Methods : A human ovarian clear cell adenocarcinoma cell line (RMG-I) was used to immunize KM mice, and hybridoma supernatant was obtained by a standard method employing ELISA screening. Next, selection of hybridomas was performed with two antibodies (MA602-1 and MA602-6) and a sandwich immunoassay for CA125-like antigen, and then the limiting dilution was used to obtain a human monoclonal antibody.
Immunohistochemical reactivity of this antibody (HMOCC-2) with ovarian cancer was assessed, while its specificity was analyzed by Western blotting. Various antibodies were used to identify the epitope targeted by HMOCC-2. Finally, the antitumor effect of HMOCC-2 was assessed by intraperitoneal administration to SCID mice with heterografts of RMG-I tumors.

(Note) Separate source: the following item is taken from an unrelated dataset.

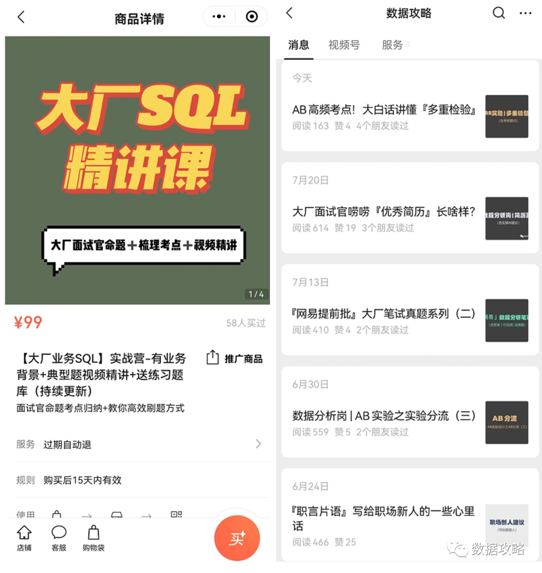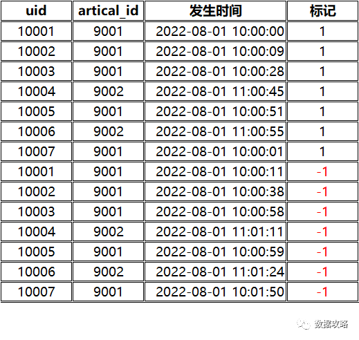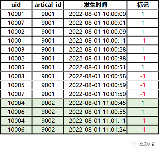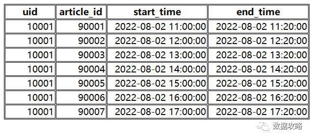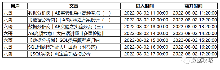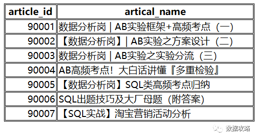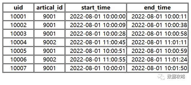 DROP TABLE IF EXISTS artical_log;CREATE TABLE artical_log (uid INT COMMENT '用户ID',artical_id INT COMMENT '文章ID',start_time datetime COMMENT '进入时间',end_time datetime COMMENT '离开时间');INSERT INTO artical_log(uid, artical_id, start_time, end_time) VALUES(10001, 9001, '2022-08-01 10:00:00', '2022-08-01 10:00:11'),(10002, 9001, '2022-08-01 10:00:09', '2022-08-01 10:00:38'),(10003, 9001, '2022-08-01 10:00:28', '2022-08-01 10:00:58'),(10004, 9002, '2022-08-01 11:00:45', '2022-08-01 11:01:11'),(10005, 9001, '2022-08-01 10:00:51', '2022-08-01 10:00:59'),(10006, 9002, '2022-08-01 11:00:55', '2022-08-01 11:01:24'),(10007, 9001, '2022-08-01 10:00:01', '2022-08-01 10:01:50');DROP TABLE IF EXISTS artical_info;CREATE TABLE artical_info (artical_id INT COMMENT '文章ID',artical_name varchar(60) COMMENT '文章名称');INSERT INTO artical_info(artical_id, artical_name) VALUES(9001,'数据分析岗 | AB实验框架+高频考点(一)'),(9002,'【数据分析岗】| AB实验之方案设计(二)'),(9003,'数据分析岗 | AB实验之实验分流(三)'),(9004,'AB高频考点!大白话讲懂『多重检验』'),(9005,'【数据分析岗】SQL类高频考点归纳'),(9006,'SQL出题技巧及大厂母题(附答案)'),(9007,'【SQL实战】淘宝营销活动分析');DROP TABLE IF EXISTS user_info;CREATE TABLE user_info (uid INT COMMENT '用户id',uid_name varchar(60) COMMENT '文章名称');INSERT INTO user_info(uid, uid_name) VALUES(10001,'六哥'),(10002,'罗卡'),(10003,'张三'),(10004,'李四'),(10005,'赵五'),(10006,'钱六'),(10007,'高八');

Results : HMOCC-2 showed a positive reaction with 60% (63/105) of ovarian cancer specimens. Western blotting of the membrane fraction of RMG-I revealed several bands at 120 kDa to 250 kDa. HMOCC-2 recognized the CA125-like antigens identified by several antibodies. HMOCC-2 also exhibited significant antitumor activity (p<0.01) against ovarian cancer heterografts.
Conclusion : HMOCC-2 reacts specifically with ovarian cancer cells via a target epitope analogous to that of CA125, and also exhibits activity against ovarian tumors. These findings suggest that it may have the potential to be employed clinically for molecular-targeting therapy.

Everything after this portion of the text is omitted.